## Data records:
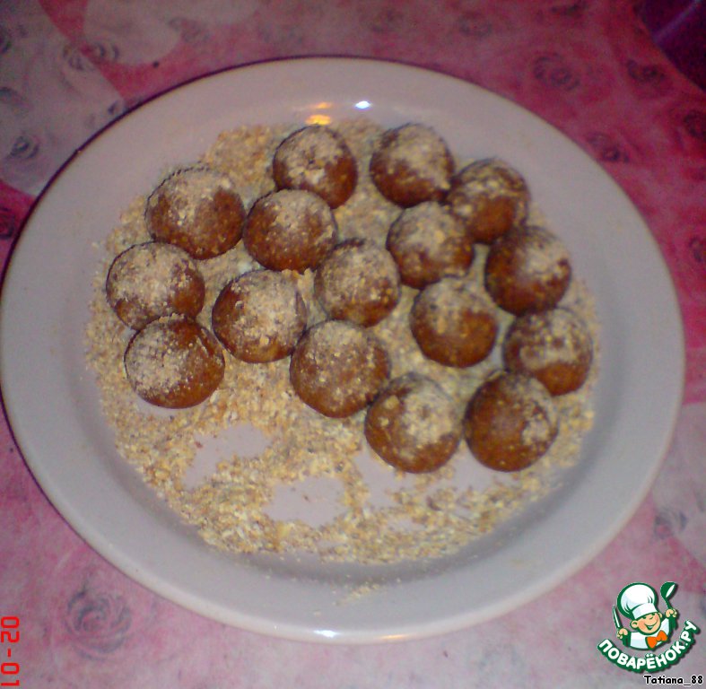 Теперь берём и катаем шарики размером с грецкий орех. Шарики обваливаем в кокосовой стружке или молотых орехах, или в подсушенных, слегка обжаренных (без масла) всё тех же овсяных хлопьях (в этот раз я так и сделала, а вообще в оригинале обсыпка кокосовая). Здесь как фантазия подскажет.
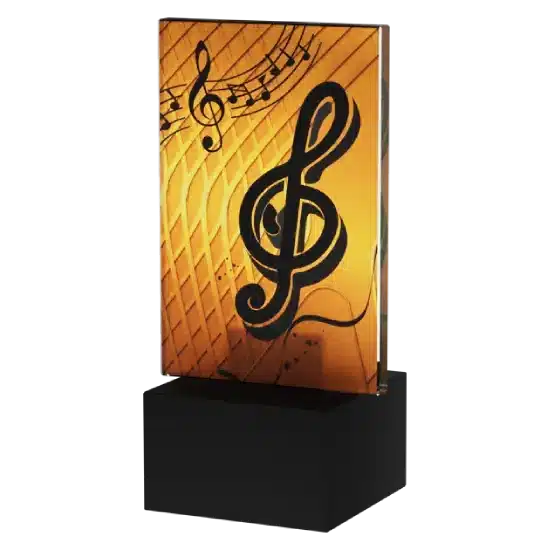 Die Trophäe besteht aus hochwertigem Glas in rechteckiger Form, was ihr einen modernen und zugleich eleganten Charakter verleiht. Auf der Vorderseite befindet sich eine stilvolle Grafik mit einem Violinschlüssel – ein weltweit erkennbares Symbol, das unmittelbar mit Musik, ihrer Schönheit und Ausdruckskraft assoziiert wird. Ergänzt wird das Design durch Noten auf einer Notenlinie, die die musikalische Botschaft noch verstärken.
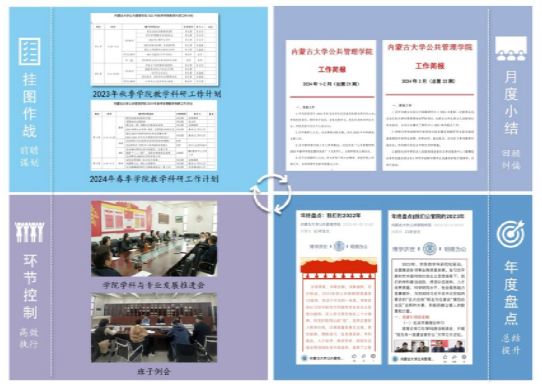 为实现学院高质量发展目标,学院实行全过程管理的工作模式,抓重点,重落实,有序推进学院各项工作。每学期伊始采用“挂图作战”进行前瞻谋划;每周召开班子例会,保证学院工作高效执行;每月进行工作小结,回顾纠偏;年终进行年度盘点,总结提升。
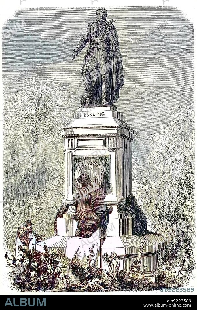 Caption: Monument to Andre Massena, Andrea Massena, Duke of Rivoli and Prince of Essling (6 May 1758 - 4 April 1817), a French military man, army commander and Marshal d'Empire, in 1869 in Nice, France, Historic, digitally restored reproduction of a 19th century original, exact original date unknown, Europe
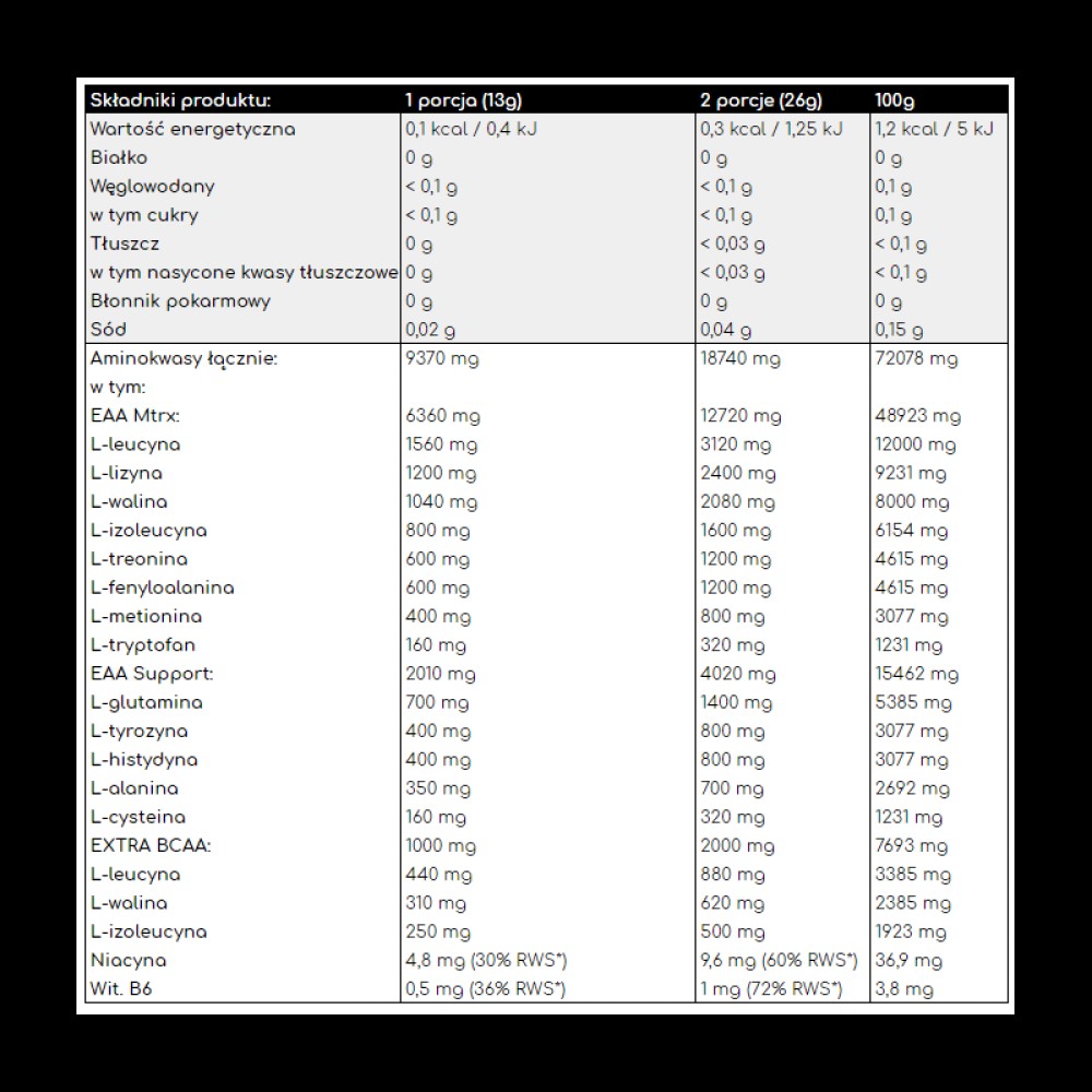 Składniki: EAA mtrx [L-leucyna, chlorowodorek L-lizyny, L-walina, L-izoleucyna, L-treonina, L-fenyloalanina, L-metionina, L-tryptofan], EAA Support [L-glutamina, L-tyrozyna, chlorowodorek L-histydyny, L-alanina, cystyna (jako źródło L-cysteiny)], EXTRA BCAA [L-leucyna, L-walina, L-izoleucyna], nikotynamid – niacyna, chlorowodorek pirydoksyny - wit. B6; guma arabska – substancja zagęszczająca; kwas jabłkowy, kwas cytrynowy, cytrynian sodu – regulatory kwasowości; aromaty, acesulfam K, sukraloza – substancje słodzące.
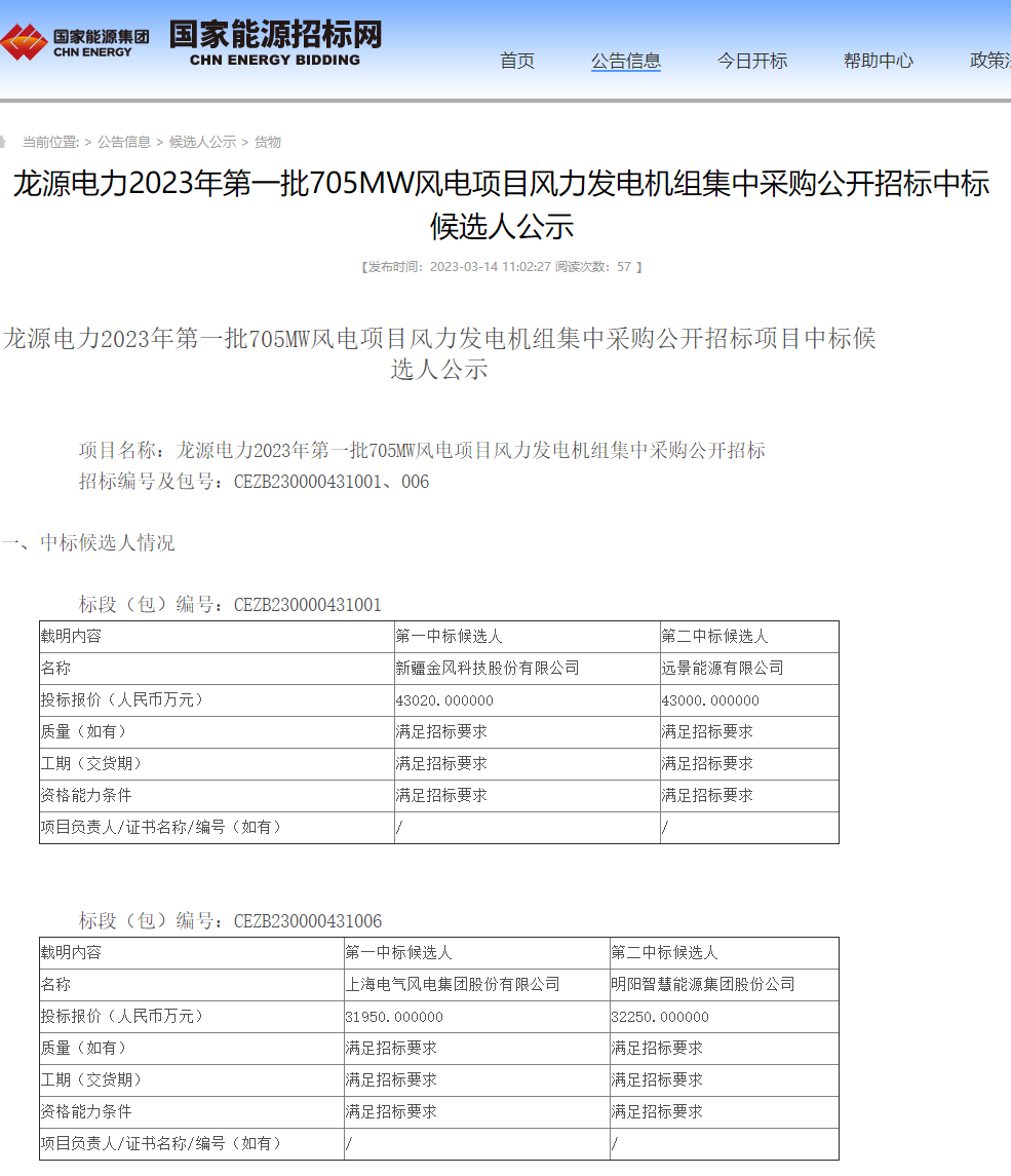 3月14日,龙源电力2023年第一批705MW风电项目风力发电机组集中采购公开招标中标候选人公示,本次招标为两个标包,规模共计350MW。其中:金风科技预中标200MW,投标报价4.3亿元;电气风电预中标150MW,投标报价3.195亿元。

## Work instructions:
Make an exact copy of the lines from the top of the material through the line with "Die Trophäe besteht", pictures excluded.

## Solution for this task:
 Теперь берём и катаем шарики размером с грецкий орех. Шарики обваливаем в кокосовой стружке или молотых орехах, или в подсушенных, слегка обжаренных (без масла) всё тех же овсяных хлопьях (в этот раз я так и сделала, а вообще в оригинале обсыпка кокосовая). Здесь как фантазия подскажет.
 Die Trophäe besteht aus hochwertigem Glas in rechteckiger Form, was ihr einen modernen und zugleich eleganten Charakter verleiht. Auf der Vorderseite befindet sich eine stilvolle Grafik mit einem Violinschlüssel – ein weltweit erkennbares Symbol, das unmittelbar mit Musik, ihrer Schönheit und Ausdruckskraft assoziiert wird. Ergänzt wird das Design durch Noten auf einer Notenlinie, die die musikalische Botschaft noch verstärken.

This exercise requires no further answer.